You are invited to attend the following M.A.Sc. (Information Systems Security) thesis examination.

Examining Committee

Dr. J. Bentahar, Chair
Dr. A. Youssef, Supervisor
Dr. M. Mannan, CIISE Examiner
Dr. K. Galal, External Examiner (BCEE)

Abstract

Network traffic inspection, including TLS traffic, in enterprise environments is widely practiced. Reasons are primarily related to improving enterprise security (e.g., phishing and malicious traffic detection) and meeting legal requirements (e.g., preventing unauthorized data leakage, complying with laws such as the US Health Insurance Portability and Accountability Act, HIPAA). To be able to analyze TLS-encrypted data, network appliances implement a Man-in-the-Middle TLS proxy, by acting as the intended web server to a requesting client (e.g., a browser), and acting as the client to the actual/outside web server. As such, the TLS proxy must implement both a TLS client and a server, that can handle a large amount of traffic (preferably, in real-time). However, as protocol and implementation layer vulnerabilities in TLS/HTTPS are quite frequent, these proxies at least be as secure as a modern, up-to-date web browser (e.g., Chrome, Firefox), and a properly configured web server (e.g., an A+ rating in SSLlabs.com). As opposed to client-end TLS proxies (e.g., as implemented in several anti-virus products), the proxies in network appliances may serve tens to hundreds of clients, and any vulnerability in their TLS implementations can significantly downgrade an enterprise's security level.

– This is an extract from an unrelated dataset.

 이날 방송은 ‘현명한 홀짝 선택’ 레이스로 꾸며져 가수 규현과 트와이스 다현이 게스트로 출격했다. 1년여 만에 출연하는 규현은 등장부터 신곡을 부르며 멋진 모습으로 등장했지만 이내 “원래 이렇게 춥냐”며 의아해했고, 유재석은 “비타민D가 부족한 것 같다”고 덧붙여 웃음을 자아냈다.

To analyze TLS security of network appliances, we develop a comprehensive testing framework, by combining and extending tests from existing work on client-end and network-based interception studies. We analyze 13 representative network appliances over a period of more than a year (including multiple product versions, before and after notifying affected vendors, a total of 17 versions), and uncover several security issues regarding TLS version and certificate parameters mapping, CA trusted stores, private keys, and certificate validation tests. For instance, we found that four appliances perform no certificate validation at all, three use pre-generated certificates, and 11 accept certificates signed using the MD5 algorithm, exposing their end-clients to MITM attacks. Our goal is to highlight the risks introduced by widely-used TLS proxies in enterprise and government environments, potentially affecting many systems hosting security, privacy, and financially sensitive data.